General Constructions for Threshold Multiple-Secret Visual Cryptographic Schemes

A conventional threshold (k out of n) visual secret sharing scheme encodes one secret image P into n transparencies (called shares) such that any group of k transparencies reveals P when they are superimposed, while that of less than k ones cannot. We define and develop general constructions for threshold multiple-secret visual cryptographic schemes (MVCSs) that are capable of encoding s secret images P₁,P₂,...,P_s into n shares such that any group of less than k shares obtains none of the secrets, while 1) each group of k, k+1,..., n shares reveals P₁, P₂, ..., P_s, respectively, when superimposed, referred to as (k, n, s)-MVCS where s=n-k+1; or 2) each group of u shares reveals P(r_u) where r_u ∈ {0,1,2,...,s} (r_u=0 indicates no secret can be seen), k ≤ u ≤ n and 2 ≤ s ≤ n-k+1, referred to as (k, n, s, R)-MVCS in which R=(r_k, r_k+1, ..., r_n) is called the revealing list.
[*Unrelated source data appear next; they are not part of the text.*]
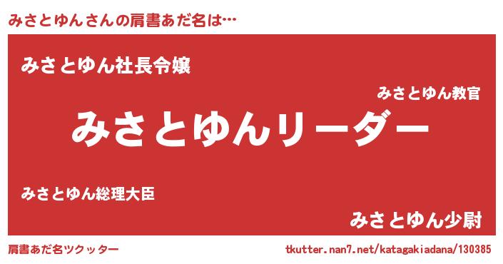 | 男性向けラノベタイトル風あだ名 | 『みさとゆんの嫁は女の子じゃないと思った?』 |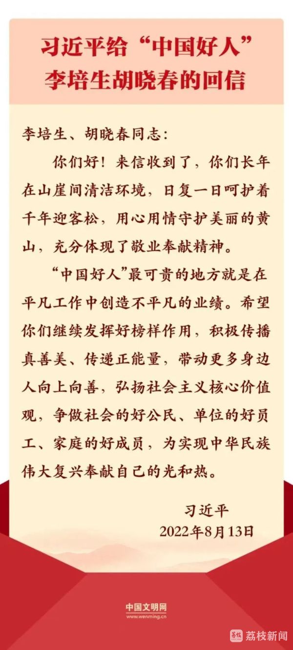 8月13日,中共中央总书记、国家主席、中央军委主席习近平给安徽黄山风景区工作人员李培生、胡晓春回信,对他们继续发挥“中国好人”榜样作用提出殷切期望。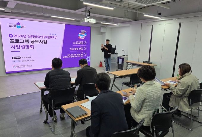 (포탈뉴스통신) 충북인재평생교육진흥원은 3월 10일에 충북인평원 대회의실에서 2026년 선행학습인정제(RPL) 프로그램 공모사업의 사업설명회를 개최했다.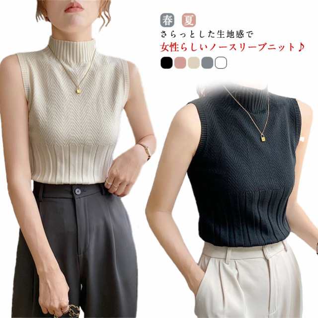 ノースリーブ かわいい レディース トップス カットソー ニット タンクトップ リブ リブニット タンクトップ サマーニット インナー レイヤード ハイネック 薄手 春夏 重ね着 サマー タイト きれいめ カジュアル おしゃれ セクシー ニットトップス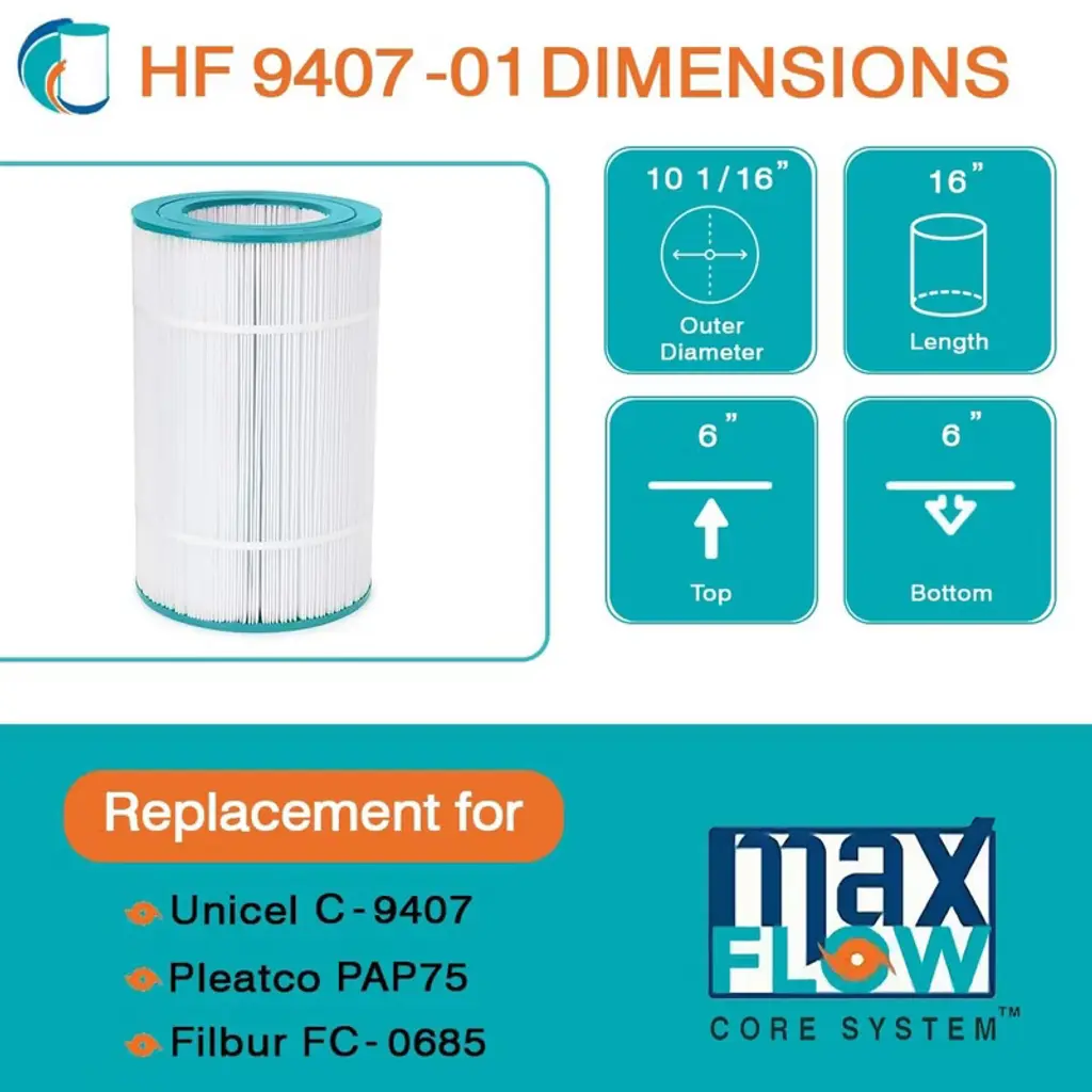 Hurricane Hf9407-01 Advanced Pool Filter Cartridge For Pap75, Unicel C-9407, Filbur Fc-0685, Pentair Clean & Clear 75, Predator 75, Cal Spas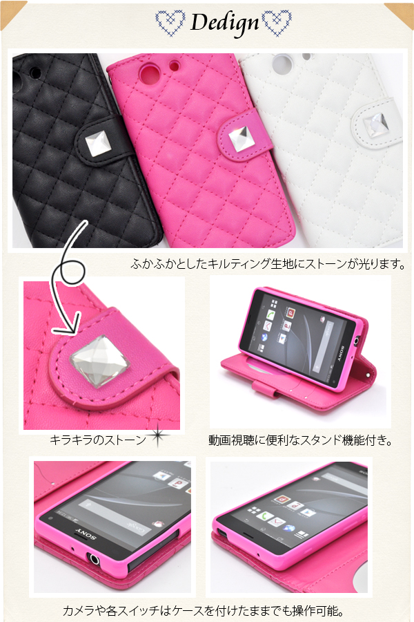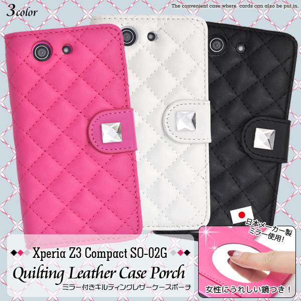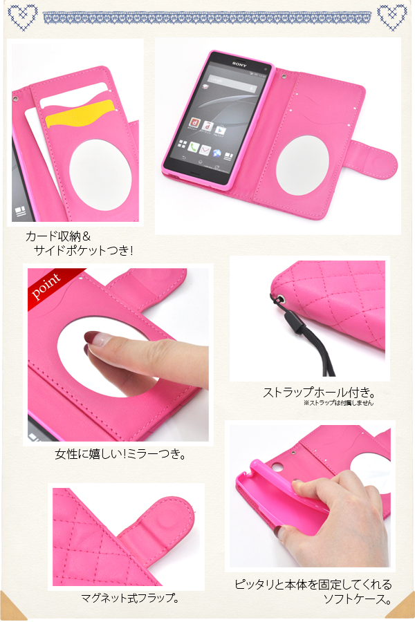 内側に鏡(日本メーカー製)が付いているのでちょっとした身だしなみのチェックもできます。 ケースを装着したまま、充電やヘッドフォンジャックの接続、カメラや各種ボタンの操作も可能です。 開閉はマグネット式で、使い勝手の良い手帳型です。またストラップホールもついています。 背面を折り返すとスタンドとして使用できるので、動画視聴に便利です。 ポーチの内側にはカード収納とカードポケットも付いています。 ブラック、ビビットピンク、ホワイトの3色からお選びください。 ※Xperia Z3 Compact SO-02Gは付属しません。ライセンス商品ではありません。 ※ケースをつけたまま撮影できますが、フラッシュ撮影時にケースの色が移り込むことがあります。 |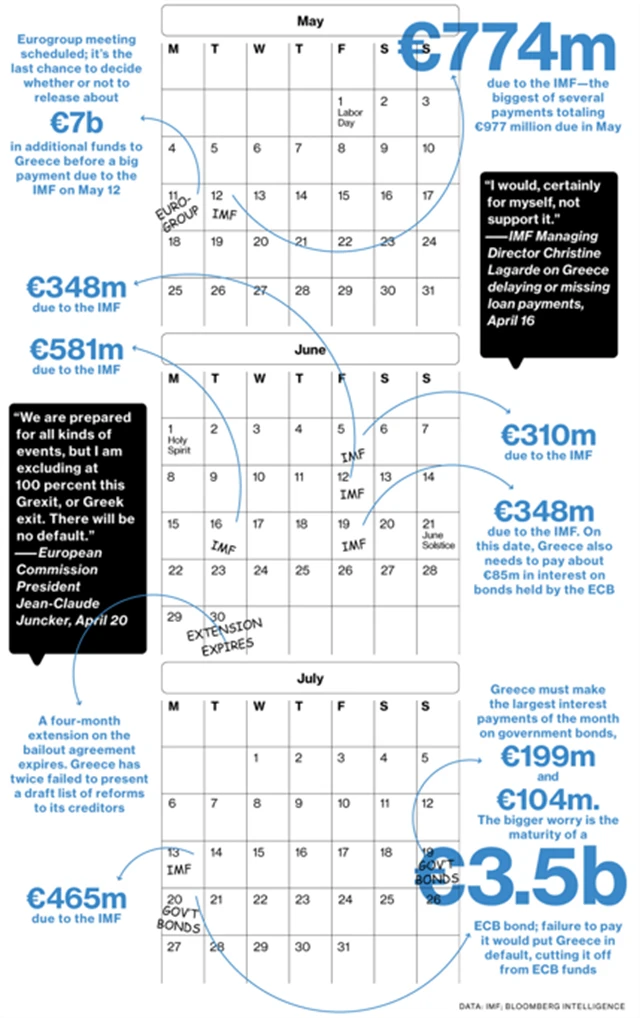 Řecko nemá přístup na dluhopisové trhy a jeho mezinárodní věřitelé mu odmítají vyplatit zbývající peníze ze záchranného programu, pokud se nezaváže k dalším reformám. Zadlužená země musí mezitím splácet své dluhy. Jenom příští měsíc ji čekají čtyři dlužné splátky Mezinárodnímu měnovému fondu (MMF) v celkové výši 1,6 miliardy eur. První splátku 300 milionů eur mají Atény uhradit 5. června.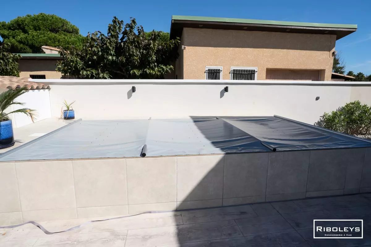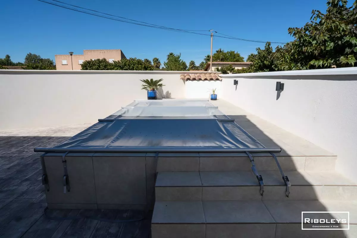 La piscine privée est entourée d’une large terrasse, idéale pour les moments de détente et les bains de soleil. Une bâche à barres assure la sécurité pour les enfants. Une douche extérieure est également à disposition.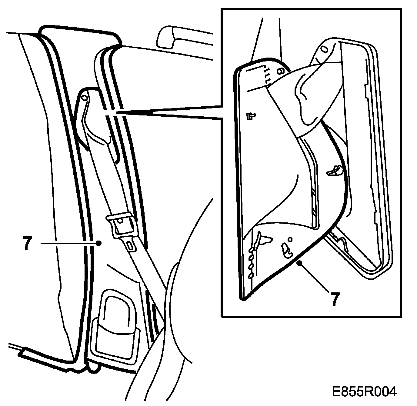 4. Fit the headlining to the B-pillar trim and door sealing mouldings on the driver's side.
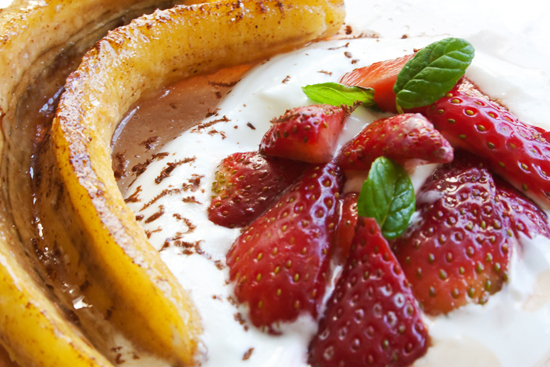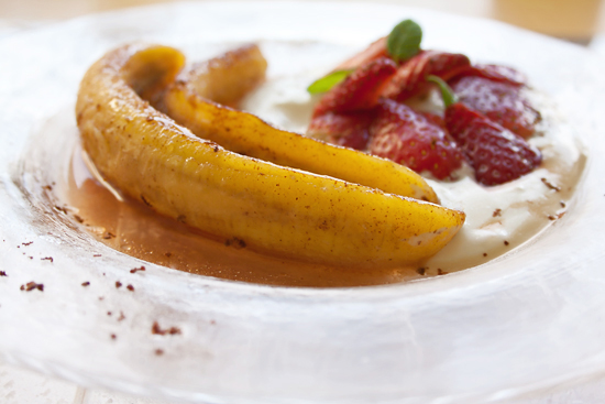 הקינוח הקלאסי, בננה ספליט, זכה לאינסוף וריאציות, בהן הבננה מככבת, או נעלמת מתחת לכדורי גלידה והררי קצפת. הרעיון של בננה ותוספות מפנקות מקבל כאן את גירסת החורף שלו, שמבוססת על זכרון ילדות של תותים עם שמנת וסוכר. אני מעדיפה את גירסת השמנת החמוצה על פני החלופה – גבינת מסקרפונה – שמחייבת את המשתמש להיפגש עם גבינה 40% שומן ומשאירה תחושת כבדות. הגירסה המבוססת על שמנת חמוצה משאירה טעם של עוד וצלחות נקיות גם בקרב סופרי הקלוריות.
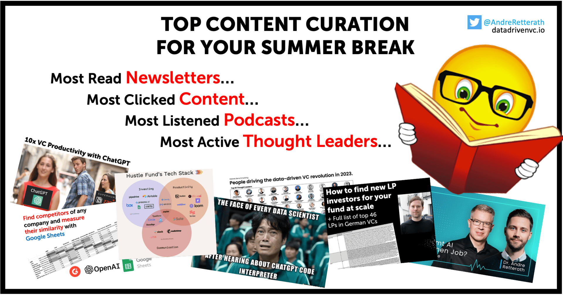 So here it comes, the Data-driven VC Content Curation to fuel the remainder of your summer break. It contains the most-read DDVC episodes from the first seven months of 2023, the most clicked links to external content, a collection of related podcasts, and links to Twitter and LinkedIn accounts of the most active DDVC Thought Leaders.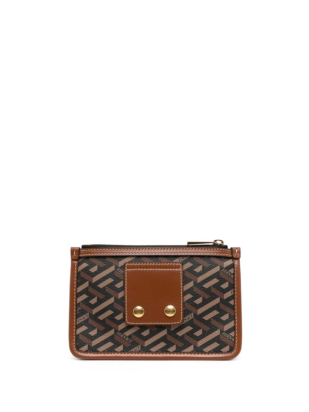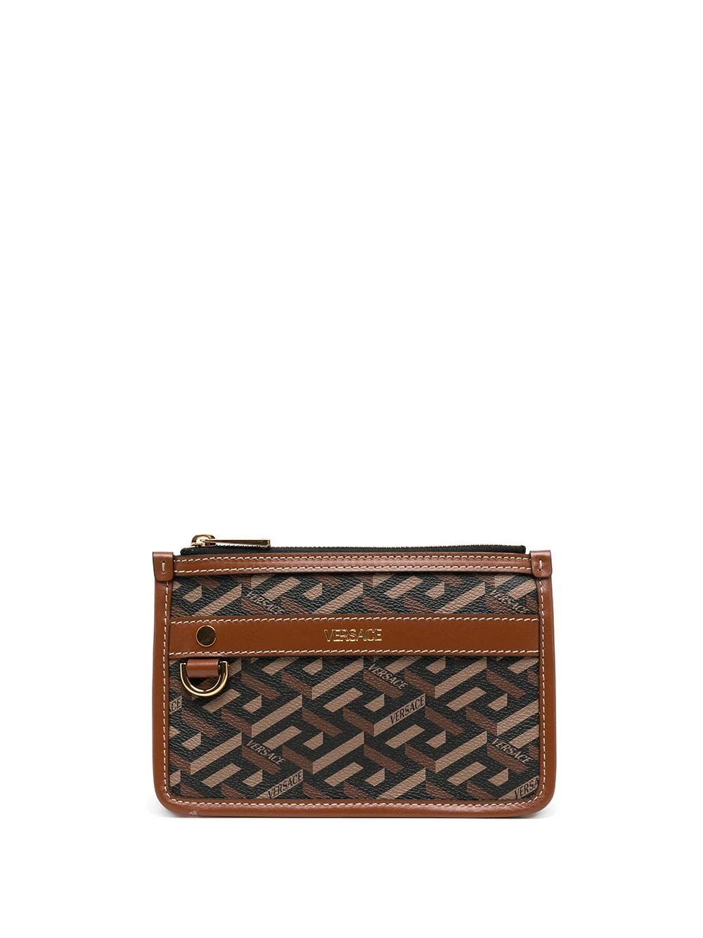 Imprimé La Greca signature, logo imprimé sur le devant, fermeture zippée sur le dessus, patch logo intérieur, finitions en métal doré. Matière : cuir.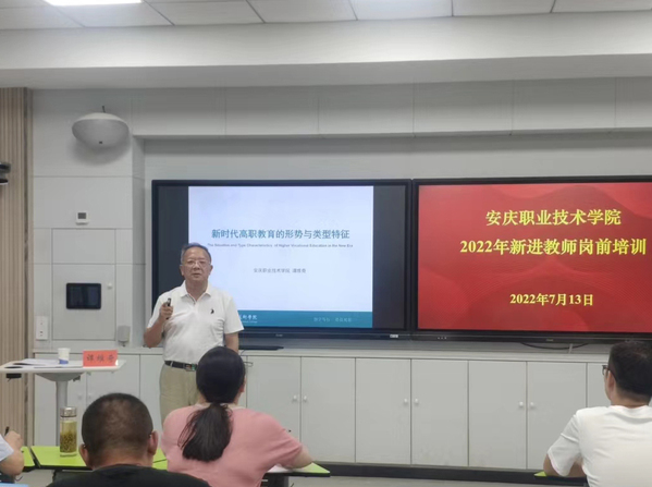 谭维奇教授为新进教师作题为“新时代高职教育的形势与类型特征”的讲座。他从“新时代党的教育方针;职业教育的类型特征;安徽高职教育的发展;学校专业建设的现状”四个方面阐释了新时代国内、省内高职教育的发展形势以及职业教育的类型特征。同时谭维奇对新进教师寄予期望,希望新进教师要树立正确的三观,争做四有好老师。

We adopt the skills of linear programming to model (k, n, s) - and (k, n, s, R) -MVCSs as integer linear programs which minimize the pixel expansions under all necessary constraints. The pixel expansions of different problem scales are explored, which have never been reported in the literature. Our constructions are novel and flexible. They can be easily customized to cope with various kinds of MVCSs.